Since there are many allegations against the Chief Justice, she
should follow the right procedure and face the PSC. At a time she is
complying with this procedure, those with vested interests should not
hamper the process. If she is found guilty of the charges preferred
against her, she will have to face the consequences.
It seems that a certain section is trying to give it a political
twist and project a negative picture on the course of action taken
through the PSC. There is no doubt whatsoever that the impeachment
motion against Dr. Bandaranayake with 117 signatories handed over to
Speaker Chamal Rajapaksa, is constitutional and conforms to the due
process.
This is not the first time that a Chief Justice of the country has
faced an impeachment motion and we had two other precedents. Those who
were reticent when there were impeachment motions against then Chief
Justices Neville Samarakoon and Sarath Nanda Silva, are now making a big
hue and cry over the action against Dr. Bandaranayake.
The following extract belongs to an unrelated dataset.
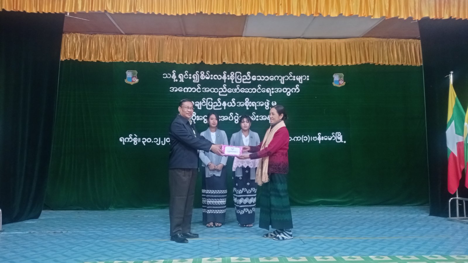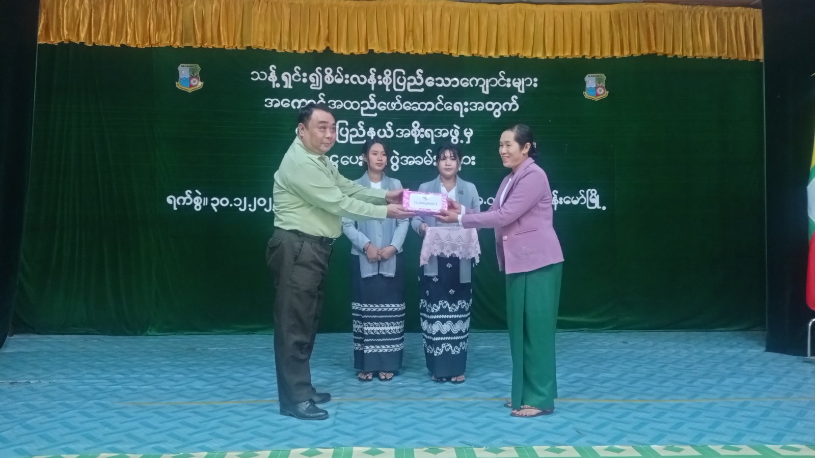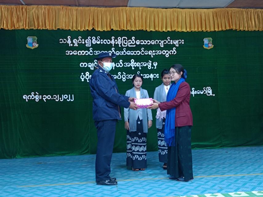 ထို့နောက် အမှတ်(၁)အခြေခံပညာ အထက်တန်းကျောင်းအား ပံ့ပိုးရန်ပုံငွေ ကျပ်(၂၅)သိန်း၊ အမှတ်(၁)အခြေခံပညာ အလယ်တန်းကျောင်းအား ပံ့ပိုးရန်ပုံငွေကျပ်(၁၅)သိန်း၊ အခြေခံပညာမူလွန်ကျောင်း (၂ မိုင်အောင်သာ)ကျောင်းအား ပံ့ပိုးရန်ပုံငွေကျပ်(၁၀)သိန်းတို့ကို ခရိုင်စီမံအုပ်ချုပ်ရေးအဖွဲ့ဥက္ကဋ္ဌနှင့် အဖွဲ့ဝင်များ၊ မြို့နယ်စီမံအုပ်ချုပ်ရေးအဖွဲ့ဥက္ကဋ္ဌ ဦးအောင်ထွန်းတိုးတို့က ပေးအပ်ခဲ့ကြပြီး အမှတ်(၁)အခြေခံပညာ အထက်တန်း ကျောင်းအုပ်ဆရာမကြီး ဒေါ်စမ်းစမ်းအေးကကျေးဇူးတင်စကား ပြောကြားခဲ့ကြောင်း သိရှိရသည်။

Hence the procedure which should be followed is enshrined in Sri
Lanka's Constitution. In the previous instances, those who mooted the
impeachment motion went by the 1978 Constitution. Therefore, the
procedure cannot be any different to what it is today.
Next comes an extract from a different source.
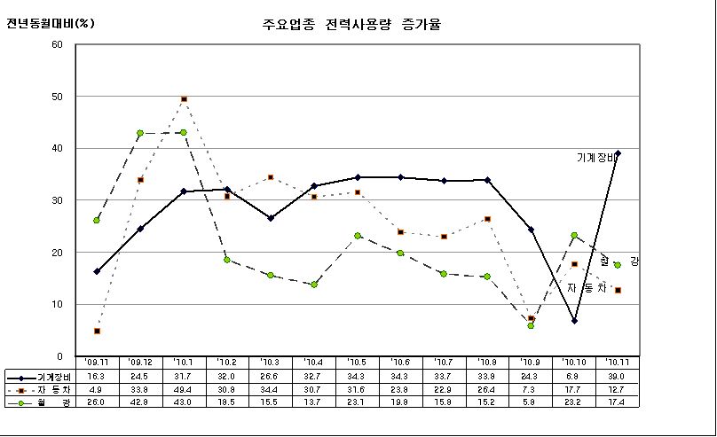 11월 산업용 판매량은 기계장비(39%), 철강(17.4%), 자동차(12.7%), 반도체(12.5%) 등 전력다소비 업종에서 높은 증가세를 보였다. 업종별 증감률은 기계장비 39.0 자동차 12.7, 철강 17.4, 조립금속 11.1, 화학제품 3.3, 반도체 12.5, 석유정제 5.1, 섬유 5.0, 펄프종이 1.9, 조선 3.4를 기록했다.

It seems that certain INGOs, along with the sympathisers of the Chief
Justice, are doing their damnedest on cyberspace, concocting stories
through the web. This is purely to give a political angle and brainwash
the public on the ongoing PSC proceedings.
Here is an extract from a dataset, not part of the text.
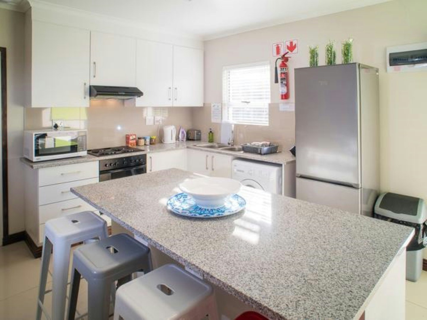 Dié huis bied slaapplek aan 10 gaste en beskik oor 5 slaapkamers en 5 en suite-badkamers. Dit is ideaal vir 'n gesinswegbreek, sakereisigers en gaste wat korttermynverblyf soek. Die hoof- en tweede slaapkamers het elk 'n koninggrootte-bed en die derde, vierde en vyfde slaapkamers het elk 2 enkelbeddens. Die en suite-badkamers het storte, wasbakke en toilette. Linne en handdoeke word voorsien.

International organisations and others who are daydreaming of a
regime change in Sri Lanka are trying to move heaven and earth to
realise their wild dreams. Anything that transpires even within the
legal and constitutional framework is being given a different
interpretation so that they could use it to lobby in the international
arena.
One cannot rule out the possibility of even Tiger cohorts indulging
in the web mafia to paint a dismal picture of the actual situation. This
is not even remotely connected with the independence of the judiciary.
People should not be misled by the INGO and Tiger cohorts' propaganda by
juxtaposing the current impeachment motion against the Chief Justice
with the independence of the judiciary.
The Government and the President have always upheld the independence
of the judiciary and never intimidated judges, unlike during
Jayewardene's UNP regime. In fact, the Government even went to the
extent of establishing a Judicial Security Division to afford special
protection to judges and has taken every possible step to uplift the
standard of the judges. Steps are also being taken to provide Mercedes
Benz cars to judges of the Supreme Court, thereby replacing the official
fleet of Jaguar cars. All these steps are being taken to ensure the
dignity and status of the judiciary.
However, at the same time, they too are accountable for their acts in
private life. The current PSC procedure will make the judiciary more
transparent and boost the confidence of the masses on accountability.
Nobody for that matter is above the law and each and every citizen of
the country should respect law and order and the Constitution. Any
attempt to point an accusing finger at the PSC and the current
impeachment motion would reflect adversely on the judiciary. Rather than
providing 'ammunition' to anti-Sri Lanka elements overseas, all what the
Chief Justice could do is to face reality - by appearing before the PSC
and adducing evidence in her defence.